The anticipated resale reflects the recent surge in values for suezmax tankers. VesselsValue identifies the two Hayfin-backed hulls, slated for delivery in June and July 2026, as being actively marketed. This increase in value is consistent with broader market trends. Last week, Okeanis eco Tankers announced the resale of two similar suezmax newbuildings from Daehan Shipbuilding for $97 million each, with delivery expected in January 2026. Okeanis Eco Tankers, controlled by the Alafouzos family, is listed on both the New York and Oslo stock exchanges.

Capital Group as Potential buyer

Brokers are circulating information that Capital Group,a prominent Greek shipping company,is a likely candidate to acquire the Hayfin vessels. Capital group is a well-established player in the maritime industry, known for its extensive fleet and strategic investments.

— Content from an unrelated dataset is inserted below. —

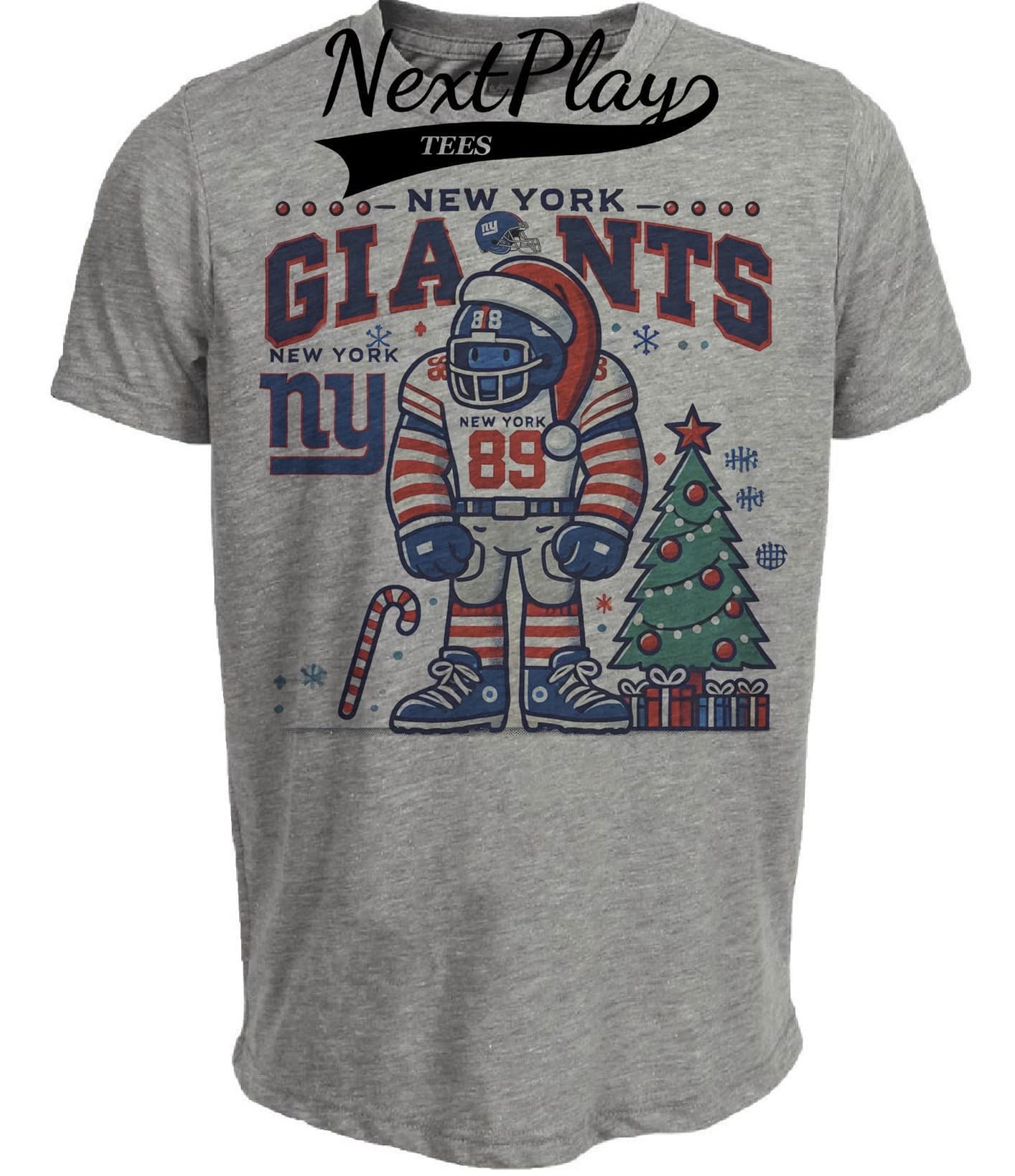 New York Giants Holiday Santa Exclusive Retro Football Artwork Heather Gray Sublimated T-Shirt

Suezmax Tanker Market Dynamics

Suezmax tankers, capable of carrying between 120,000 and 200,000 tons of crude oil, play a crucial role in global oil transportation, notably for routes that cannot accommodate larger vessels like ultra Large Crude Carriers (ULCCs). Demand for these tankers is influenced by factors such as:

* Global oil demand: Increased oil consumption drives demand for tanker transportation.
* OPEC+ Production Policies: Production cuts or increases by OPEC+ nations impact tanker rates and demand.
* Geopolitical Events: Disruptions to oil supply chains due to geopolitical instability can substantially affect tanker demand.
* Shipping Rates: Fluctuations in freight rates directly impact the profitability of tanker owners and influence newbuilding prices.

Key Takeaways

* Hayfin Capital is set to profit from the resale of two suezmax tankers due to rising market values.
* Capital Group is a leading contender to purchase the vessels.
* The Okeanis Eco Tankers resale confirms the current strong pricing environment for suezmax newbuildings.
* The suezmax tanker market is sensitive to global oil demand, geopolitical events, and OPEC+ policies.

The continued strength in the suezmax tanker market suggests further potential for gains for shipowners and investors in the coming months, although market volatility remains a key consideration.